>>>

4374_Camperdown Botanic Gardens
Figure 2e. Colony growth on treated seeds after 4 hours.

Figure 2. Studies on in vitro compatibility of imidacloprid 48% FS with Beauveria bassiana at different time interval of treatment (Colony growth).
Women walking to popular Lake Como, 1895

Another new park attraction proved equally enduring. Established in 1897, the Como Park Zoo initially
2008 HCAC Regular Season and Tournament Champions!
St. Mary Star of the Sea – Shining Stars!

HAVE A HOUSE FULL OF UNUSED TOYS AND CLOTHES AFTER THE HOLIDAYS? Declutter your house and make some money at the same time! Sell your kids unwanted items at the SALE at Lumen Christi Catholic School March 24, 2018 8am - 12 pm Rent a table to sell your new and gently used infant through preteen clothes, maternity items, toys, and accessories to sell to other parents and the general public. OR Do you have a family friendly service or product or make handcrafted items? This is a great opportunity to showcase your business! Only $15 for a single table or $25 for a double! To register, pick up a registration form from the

<<<
>>>

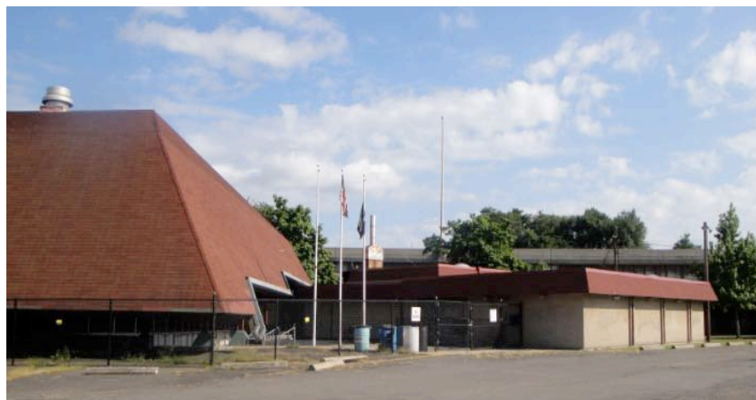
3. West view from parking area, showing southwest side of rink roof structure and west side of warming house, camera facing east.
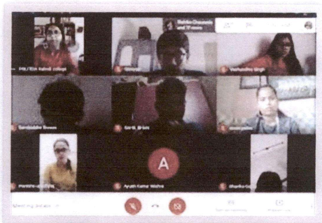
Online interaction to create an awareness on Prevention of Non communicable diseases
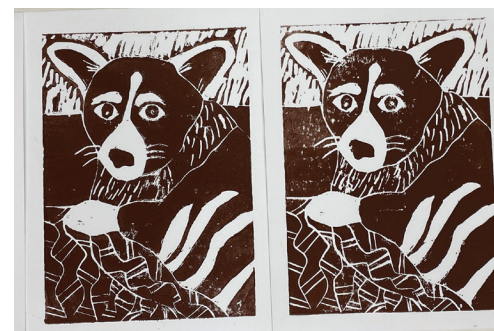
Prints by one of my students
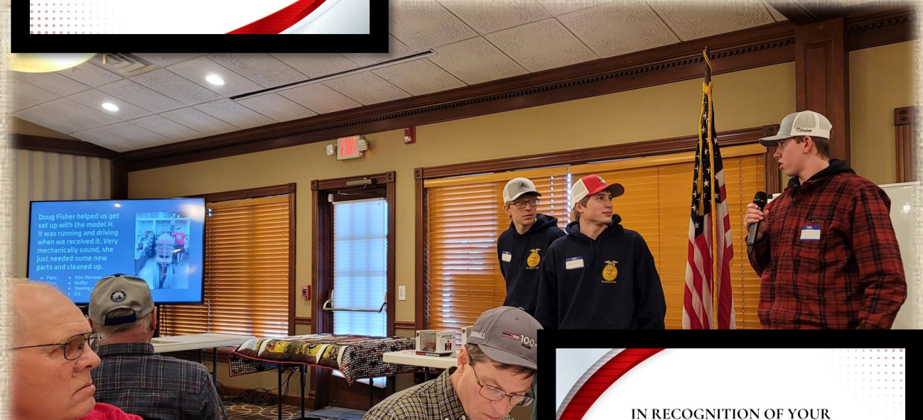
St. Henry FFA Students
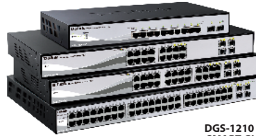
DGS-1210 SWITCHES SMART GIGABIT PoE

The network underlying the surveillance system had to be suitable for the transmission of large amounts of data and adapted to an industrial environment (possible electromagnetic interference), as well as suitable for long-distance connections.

<<<

## Requirement
Your reply should hold every line from the data that contains "Figure", copied in full.

## Result
Figure 2e. Colony growth on treated seeds after 4 hours.
Figure 2. Studies on in vitro compatibility of imidacloprid 48% FS with Beauveria bassiana at different time interval of treatment (Colony growth).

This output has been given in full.